Monday, 14 January 2002: 11:00 AM
A General Bayesian Approach to Climate Change Detection and Attribution Using ECHAM3-LSG Scenario Runs and NCEP/NCAR Reanalysis Observations
Seung-Ki Min, METRI, Seoul, Korea; and A. Hense, H. Paeth, W. T. Kwon, and J. H. Oh
Poster PDF (433.8 kB)
A General Bayesian approach is developed and applied to the detection and attribution of climate change signal. The conditional probability of a certain model given the obervations (a-posteriori) is evaluated from the marginal probability of the model itself (a-priori) and the conditional probability of the data given the model (likelihood). The a-priori includes the description of the model's internal variability and a subjective measure of the overall probability of the model. The likelihood contains the description of the observational uncertainty. The decision rule to attribute the data into one of the two possible cases (control and a climate change scenario) is based on the log ratio of the two a-posteriori values. This approach reduces in case of Gaussian probability density functions and identical covariance matrices for the two model cases and the data to a standard linear discriminant function analysis.

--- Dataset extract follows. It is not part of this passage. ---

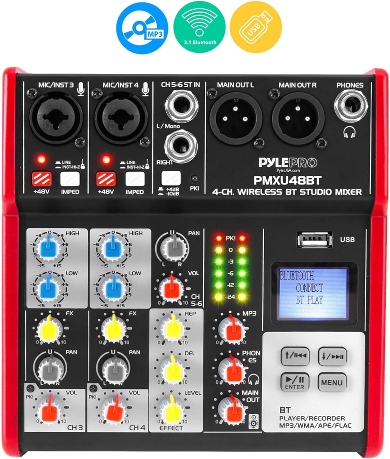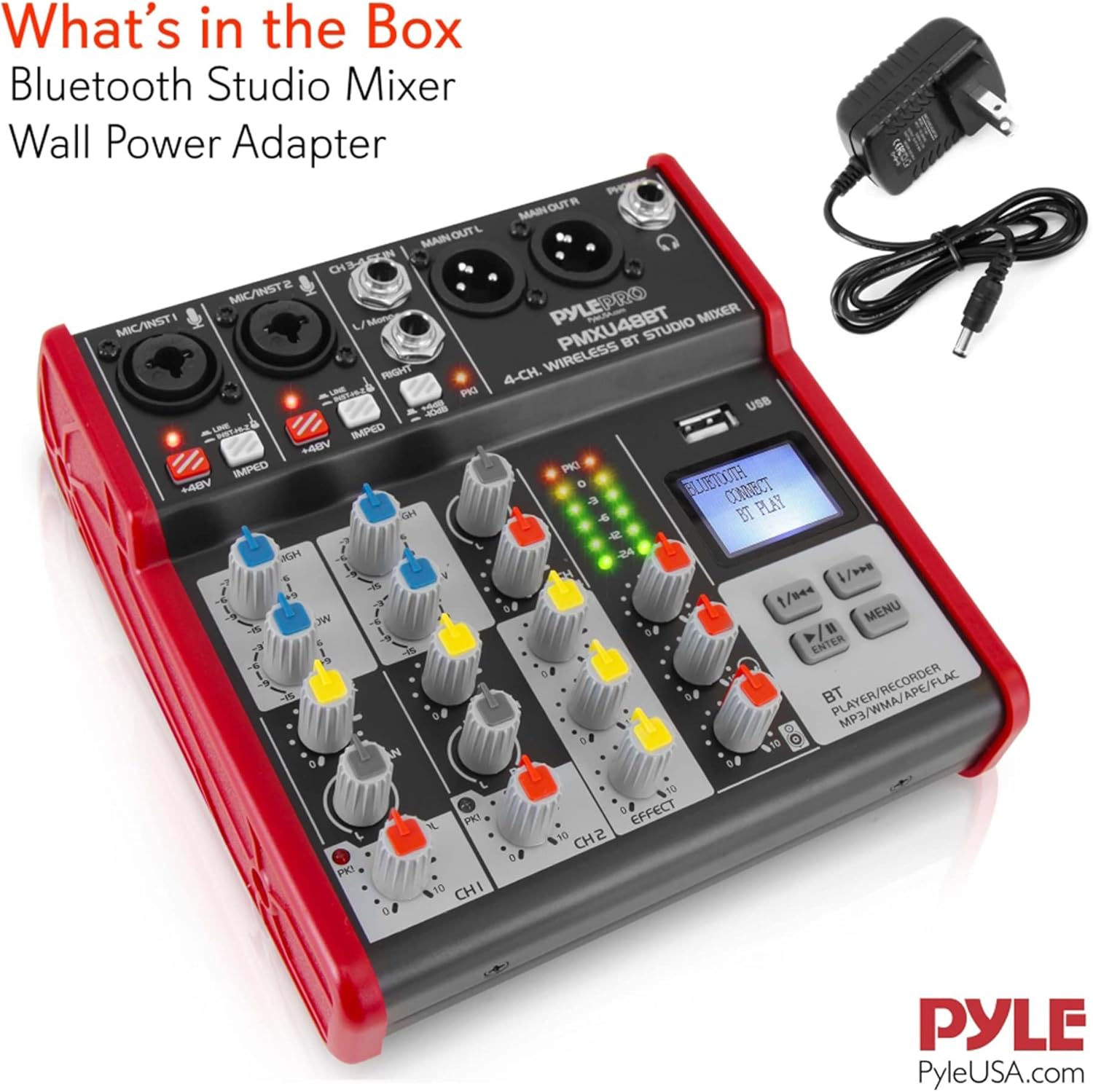 Pyle Studio Audio Sound Mixer Board - 4 Channel Bluetooth Compatible Professional Portable Digital DJ Mixing Console W/USB Mixer Audio Interface - Mixing Boards for Studio Recording

NCEP/NCAR reanalysis data from 1958 to 1999 are used as observation and ECHAM3/LSG scenario runs utilizing the IS92a emission scenario data for the period 1880 to 2049 provide the model data. Spatially averaged near surface temperature and 70 hPa temperature for the Northern hemisphere extratropics are selected as detection variables because these combination provides the most reliable yet still simplest observational data. The two model cases are defined from an ensemble of 4 realizations of ECHAM3/LSG namely control as all simulation for the 100 year period 1880-1979 and the climate change scenario as the mean for all model realization in model year 2000 but the covariance matrix derived from (the trend reduced) anomalies 1980 till 2049.

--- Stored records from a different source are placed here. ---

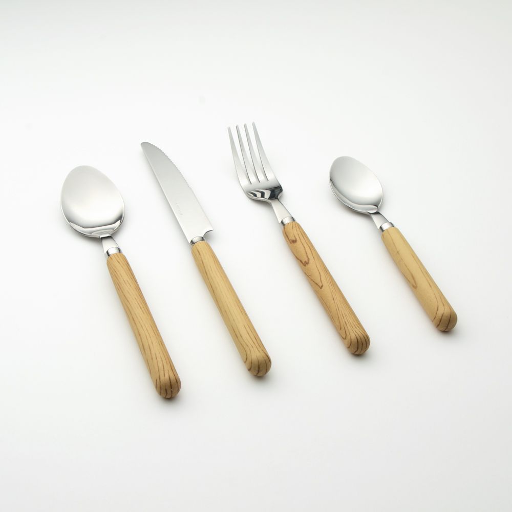 Set de cubiertos de acero inoxidable con base de color. Incluye tenedor, cuchillo, cuchara sopera y cuchara de postre.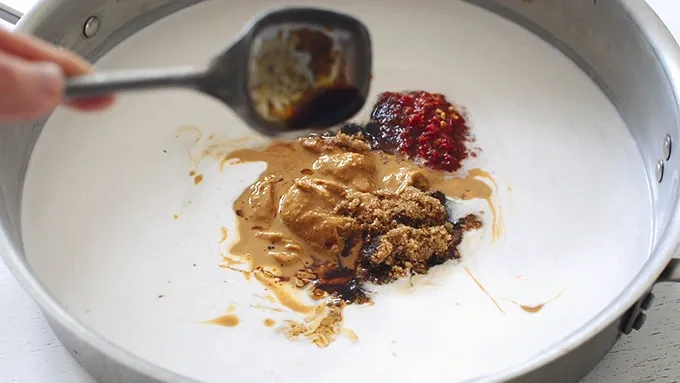Step3In a large sauté pan, add the coconut milk, peanut butter, brown sugar, sambal oelek, lime juice, fish sauce, the remaining 3 tablespoons soy sauce and stock. Whisk over a medium heat until it starts to lightly bubble.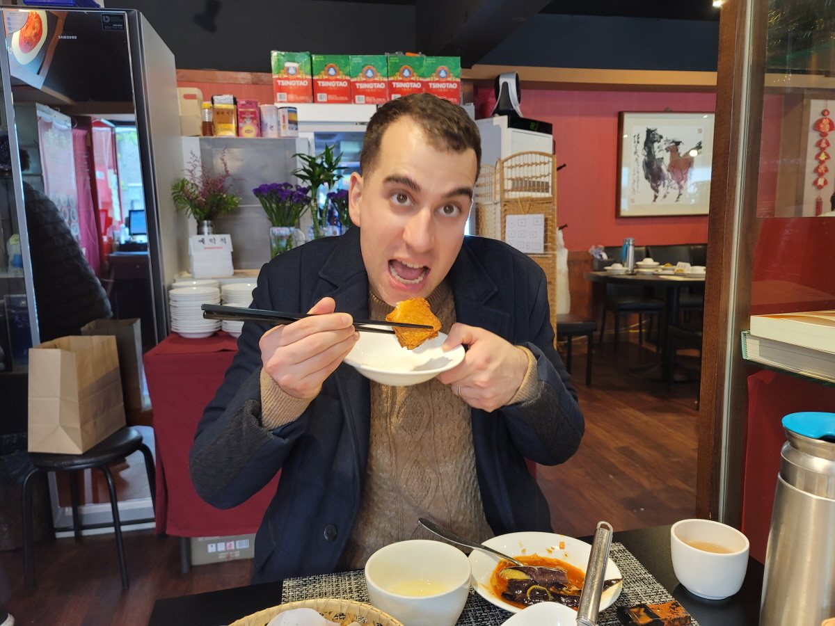 멘보샤. 머리로는 비싸다고 생각하지만, 가격 따위! 라는 생각이 들만큼 정말 맛있었다. 겉바속촉의 대명사로 명명해도 좋을 것 같다. 한입 베어 물면 바삭 소리가 나고 씹을 수록 촉촉한 새우를 즐길 수 있다. 갓 나온 멘보샤는 정말 뜨겁다. 뜨거운 걸 잘 못 먹는 조쉬는 조금 식힌 뒤에 먹은 멘보샤가 더 맛있었다는데 나는 원래 입 천장 까질 만큼 뜨거운 요리를 좋아해서 갓 나온 뜨거운 멘보샤를 입안에서 호호 돌려 먹는게 좋았다. 하지만 진진의 멘보샤는 적당히 식어도 바삭함을 유지했고, 새우의 육즙도 살아있다!

Result shows that the observations (monthly and area mean of 2 m temperature and 70 hPa for the Northern hemisphere extratropics) are classified into the climate change scenario with an increasing frequency since the mid 1990's. Even if the subjectively selected a-priori probability for the climate change scenario is as low as 25%, the classification of the observations of the late 1990's into the climate change scenario is still present.